Your assignment: Transcribe each of the records below exactly, excluding all pictures.

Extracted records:
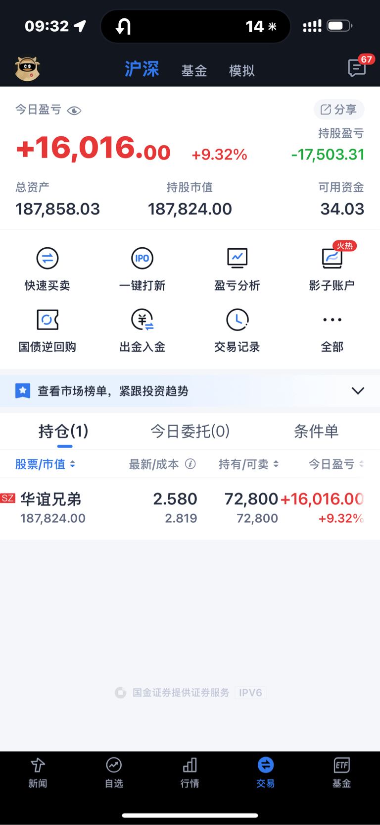 $华谊兄弟(SZ300027)$ 早盘格局一下没卖结果亏了8个多点,继续持有吧
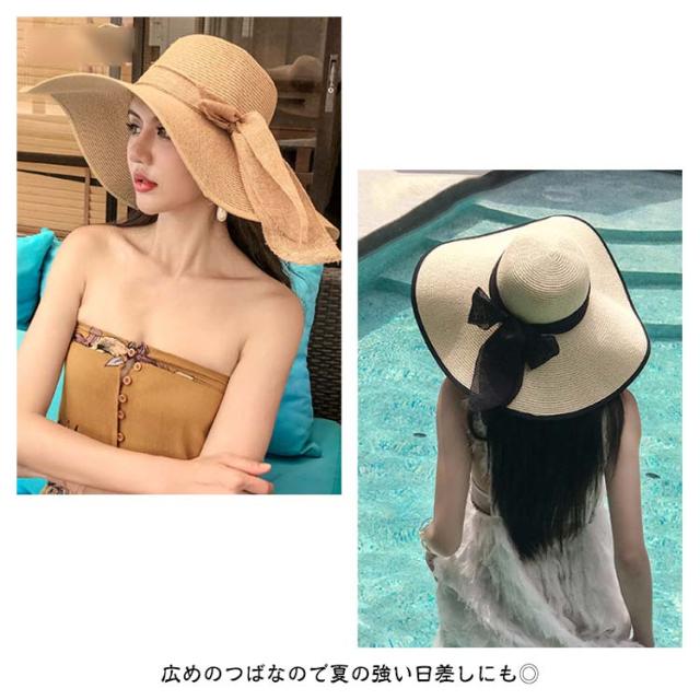 編み つば15cm おしゃれ 麦わら 麦わら帽子 ハット 帽子 レディース バケットハット かわいい 春夏 つば15cm リボン付き ペーパー 深め 日よけ UVカット 紫外線カット 旅行 通気性 涼しい 遮光 日除け帽子 小顔効果 ストロー帽子 ビーチ リゾート つば広帽子
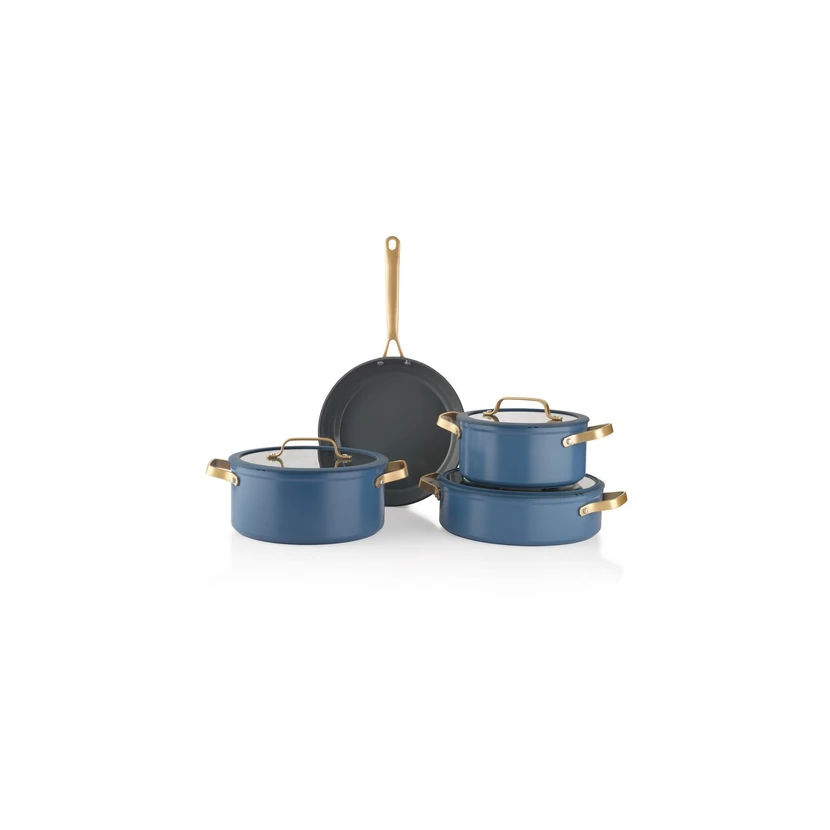 - ست 7 تکه قابلمه سرامیکی شافِر ساپفایر در رنگ آبی طلایی؛ طراحی شیک و بادوام که آشپزی روزمره را زیباتر و سالمتر میکند.
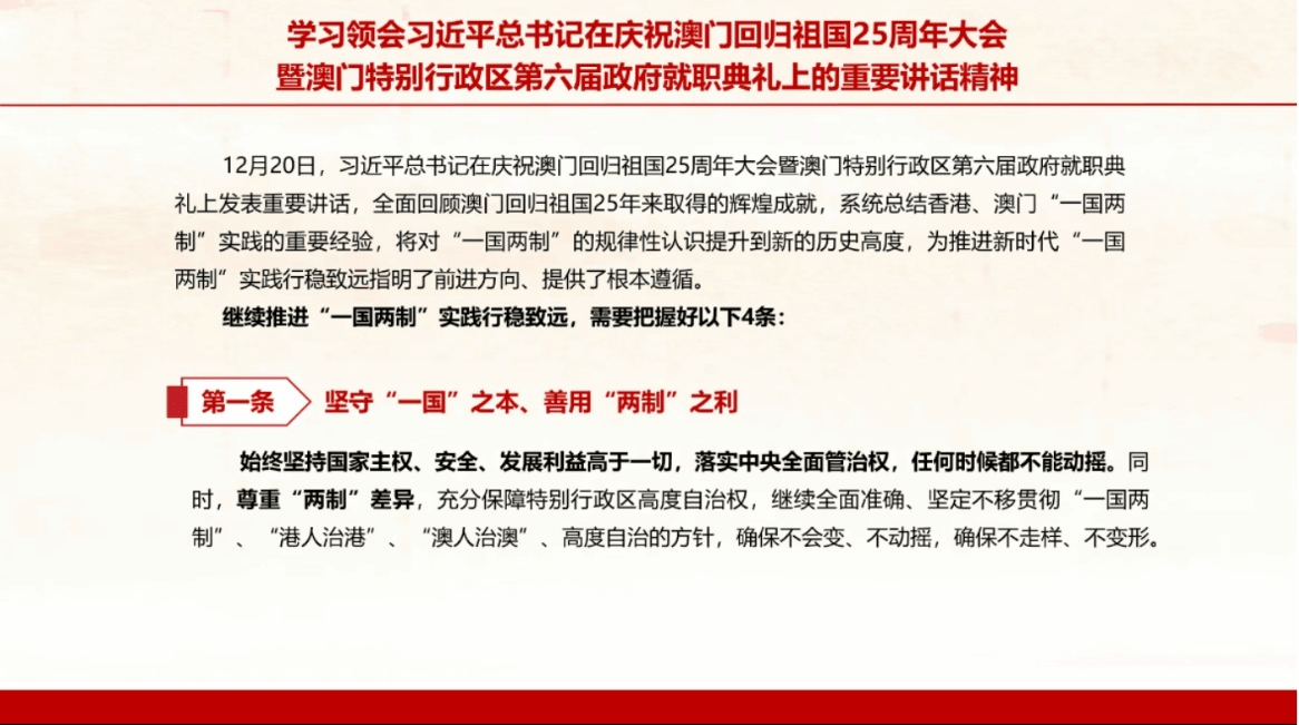 硕士法学第三党支部学习领会习近平总书记在庆祝澳门回归祖国25周年大会暨澳门特别行政区第六届政府就职典礼上的重要讲话精神。2024年12月20日,习近平总书记在庆祝澳门回归祖国25周年大会暨澳门特别行政区第六届政府就职典礼上发表重要讲话,全面回顾澳门回归祖国25年来取得的辉煌成就,系统总结香港、澳门“一国两制”实践的重要经验,将对“一国两制”的规律性认识提升到新的历史高度,为推进新时代“一国两制”实践行稳致远指明了前进方向、提供了根本遵循。支部全体党员纷纷表示要更加紧密地团结起来,要全面准确、坚定不移贯彻“一国两制”方针,在强国建设、民族复兴的伟大进程中谱写属于自己的崭新篇章。
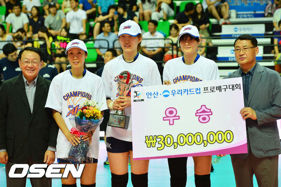뒤이어 열린 여자부 결승전서는 IBK기업은행이 창단 후 첫 컵대회 우승컵을 품에 안았다. IBK기업은행은 현대건설을 3-0(25-20, 25-13, 25-17)으로 완파하고 정상에 올랐다. '좌우 쌍포' 김희진과 박정아는 각 20점, 16점을 올리며 우승의 일등공신이 됐다.
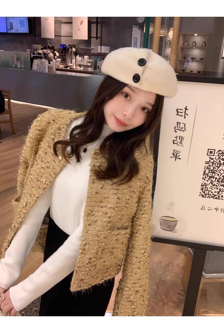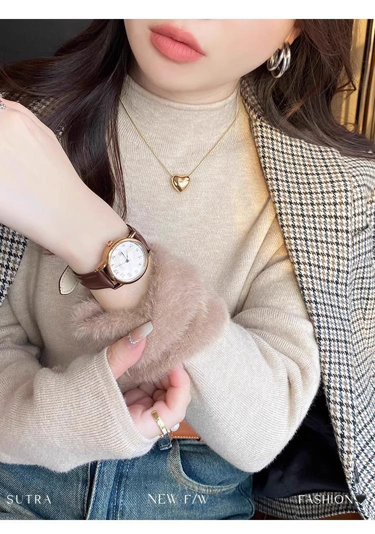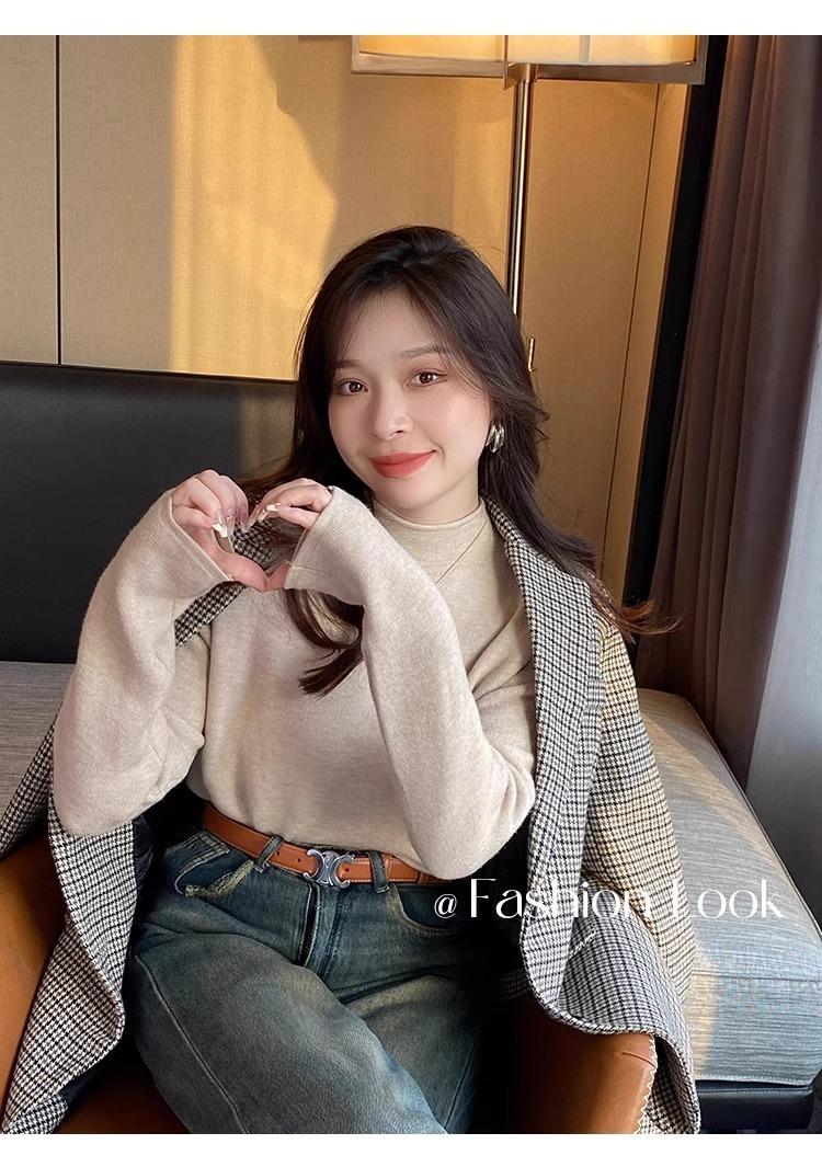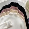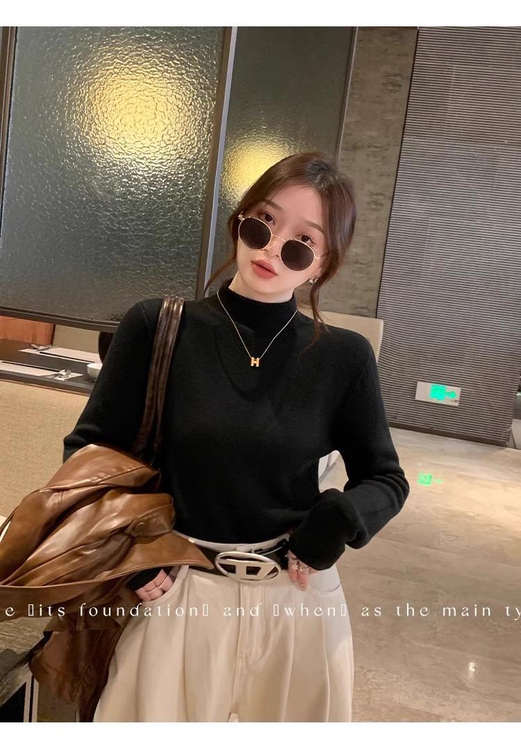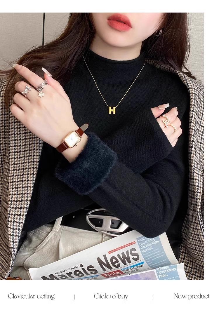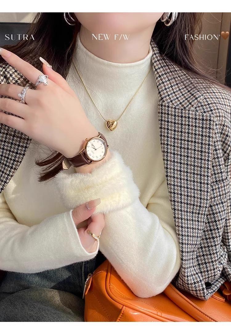 Suéter de cuello alto de una pieza con base de terciopelo grueso y forro polar para mujer, otoño e invierno 2024, parte superior interior de manga larga de primavera

Result of this exercise:
 $华谊兄弟(SZ300027)$ 早盘格局一下没卖结果亏了8个多点,继续持有吧
 編み つば15cm おしゃれ 麦わら 麦わら帽子 ハット 帽子 レディース バケットハット かわいい 春夏 つば15cm リボン付き ペーパー 深め 日よけ UVカット 紫外線カット 旅行 通気性 涼しい 遮光 日除け帽子 小顔効果 ストロー帽子 ビーチ リゾート つば広帽子
 - ست 7 تکه قابلمه سرامیکی شافِر ساپفایر در رنگ آبی طلایی؛ طراحی شیک و بادوام که آشپزی روزمره را زیباتر و سالمتر میکند.
 硕士法学第三党支部学习领会习近平总书记在庆祝澳门回归祖国25周年大会暨澳门特别行政区第六届政府就职典礼上的重要讲话精神。2024年12月20日,习近平总书记在庆祝澳门回归祖国25周年大会暨澳门特别行政区第六届政府就职典礼上发表重要讲话,全面回顾澳门回归祖国25年来取得的辉煌成就,系统总结香港、澳门“一国两制”实践的重要经验,将对“一国两制”的规律性认识提升到新的历史高度,为推进新时代“一国两制”实践行稳致远指明了前进方向、提供了根本遵循。支部全体党员纷纷表示要更加紧密地团结起来,要全面准确、坚定不移贯彻“一国两制”方针,在强国建设、民族复兴的伟大进程中谱写属于自己的崭新篇章。
뒤이어 열린 여자부 결승전서는 IBK기업은행이 창단 후 첫 컵대회 우승컵을 품에 안았다. IBK기업은행은 현대건설을 3-0(25-20, 25-13, 25-17)으로 완파하고 정상에 올랐다. '좌우 쌍포' 김희진과 박정아는 각 20점, 16점을 올리며 우승의 일등공신이 됐다.
 Suéter de cuello alto de una pieza con base de terciopelo grueso y forro polar para mujer, otoño e invierno 2024, parte superior interior de manga larga de primavera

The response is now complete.